Stainless Steel Fabrication Basics – Guide to Steels
For over seventy years, Anderson Dahlen has been a leader in custom steel fabrication. One of the most critical aspects of ensuring we live up to the standards expected by our customers is selecting the right materials for the right job. We have an extensive selection of steel types at our disposal when crafting solutions. Our focus is on stainless steel fabrication, but we can also incorporate other types of steel as well, depending on the challenges involved.
Our customers are sometimes interested in the types of steel we have at our disposal. These are some of the different kinds of stainless steel available, and how they can be used.
Types of Stainless Steel Available for Fabrication
Austenitic Stainless Steel
Austenitic steel is the kind most commonly used in commercial applications, notable for their lack of magnetism and extremely high resistance to corrosion. Austenitic steels are generally alloys of iron, chromium, and/or nickel, but may also include small amounts of carbon for strength. Austenitic steel cannot be hardened by heat but can be cold-worked successfully.
Austenitic steel is generally measured based on the amount of carbon included, low (<.03%) or high (.04-.10%). Low-carbon grades are more expensive but even more resistant to corrosion. High-carbon grades are generally used in particularly high-temperature situations where the carbon helps the steel maintain strength.
Martensitic Stainless Steel
Martensitic grades were developed for situations where heat-treating is needed. They can be exceptionally strong and resistant to wear over time. However, they are magnetic and have a lower resistance to corrosion than other steel choices.

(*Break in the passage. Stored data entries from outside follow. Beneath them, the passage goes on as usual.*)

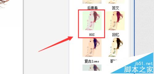 6、点击lomo选项,在lomo选择区域里找到80s选项,如图所示: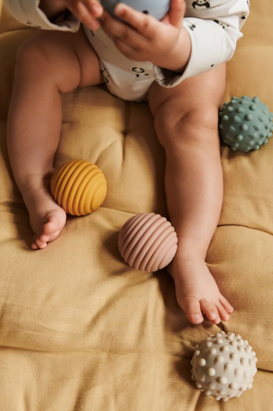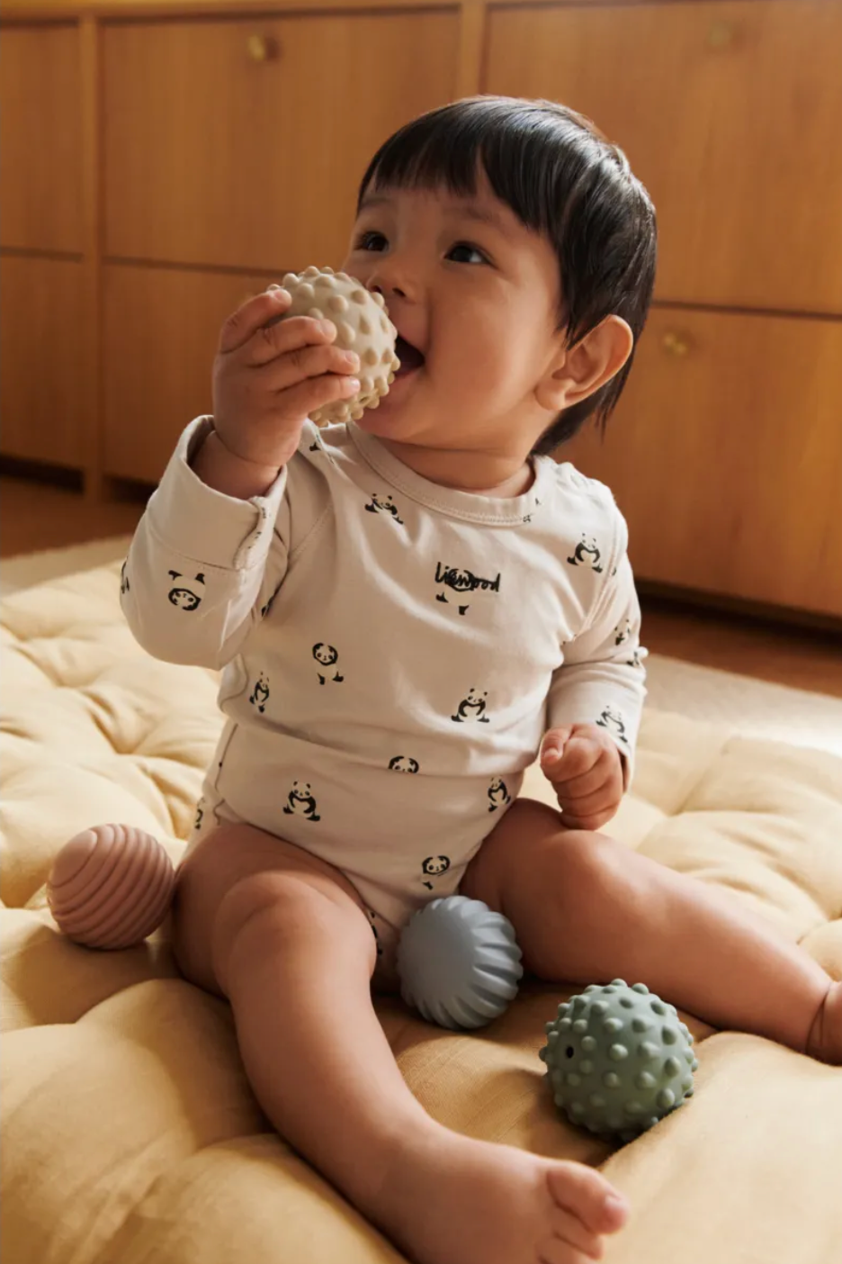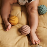 Cinq balles en silicone souple, aux textures variées, à presser, rouler et mâcher. Faciles à saisir par de petites mains, elles encouragent l'exploration tout en apaisant les gencives douloureuses. Une manière simple et engageante de soutenir le jeu sensoriel et le développement de la motricité fine.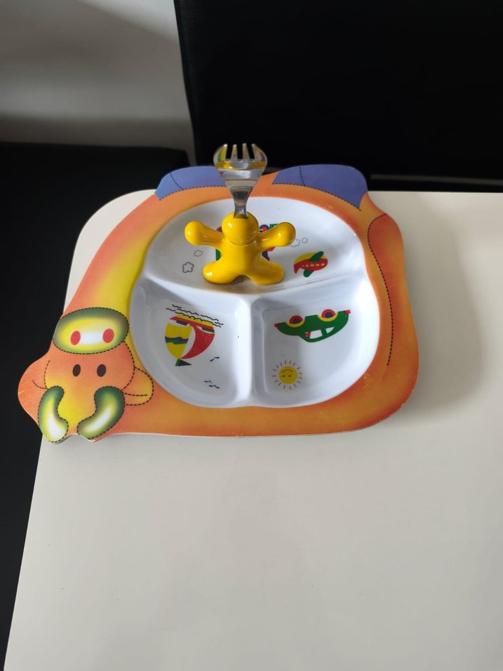 Bölmeli renkli çocuk tabağı ve ayıcık şeklinde sarı çatal tutucu. Tabağın üzerinde eğlenceli desenler bulunur. Çatal Stanley steel markadır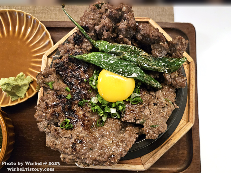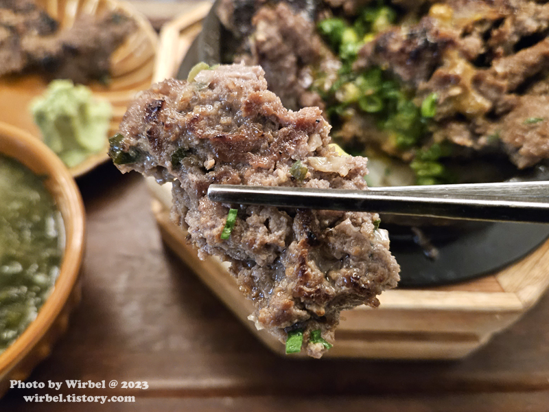 떡갈비 위에는 달걀노른자, 고추구이, 파가 얹어져서 나옵니다.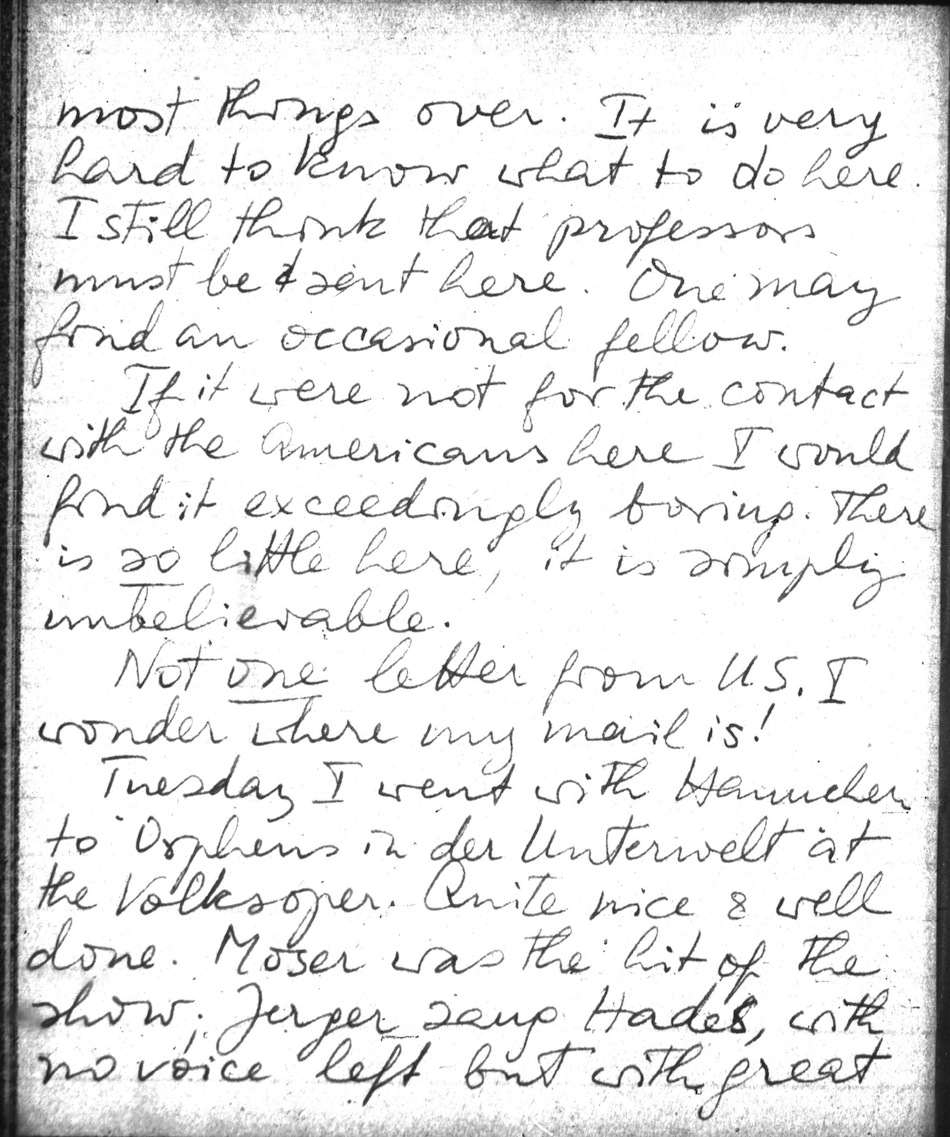 Not one letter from US. I wonder where my mail is! Tuesday I went with Hannchen to Orpheus in der Unterwelt at the Volksoper. Quite nice & well done. Moser was the hit of the show; Jerger sang Hades, with no voice left but with great art. He was a great singer once & still looks magnificent. Many pretty girls as dancers. H. & I had first dinner early at the Regina & Ice cream after the theater. There we saw Wendt.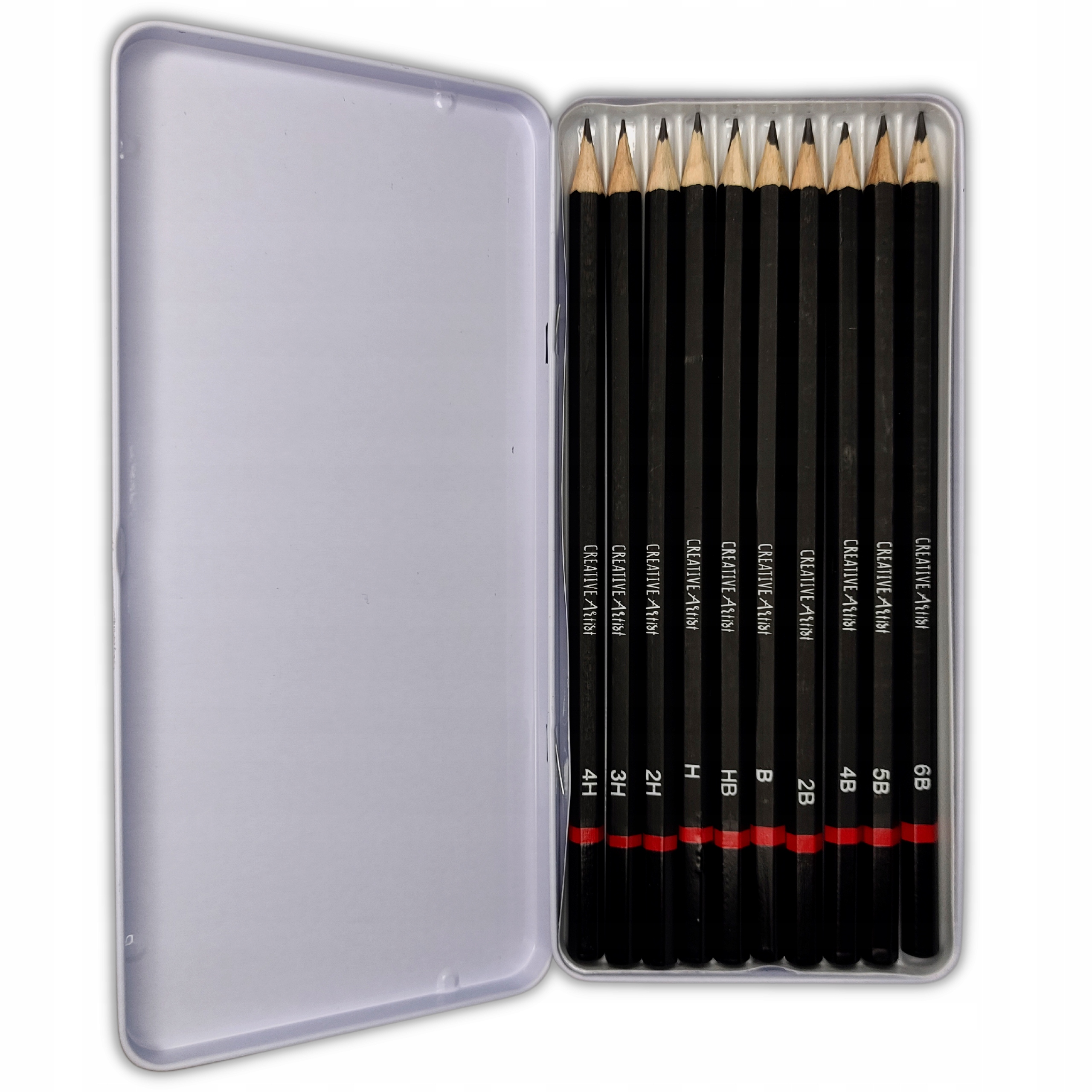 - 10 олівців (6B, 5B, 4B, 2B, B, HB, H, 2H, 3H, 4H)

Martensitic grades are strictly based on chromium alloys, with little or no nickel and with low amounts of carbon.
Martensitic steel is also useful for individual parts which see a lot of wear, such as springs, screws, or blades.
Ferritic Stainless Steel
Ferritic grades of stainless steel are magnetic, chromium-based, and offer better corrosion resistance than martensitic steel – but less than austenitic grades. They are also highly resistant to stress cracking. Ferritic steel is most commonly used for decorative purposes, such as automobile trim, but could also be found in places such as the exhaust pipe, furnaces, and heat exchangers.
There are also what are known as duplex grades of stainless steel, which are blends of austenitic and ferritic steel. These duplex grades can offer considerable strength and resistance to cracking but are expensive.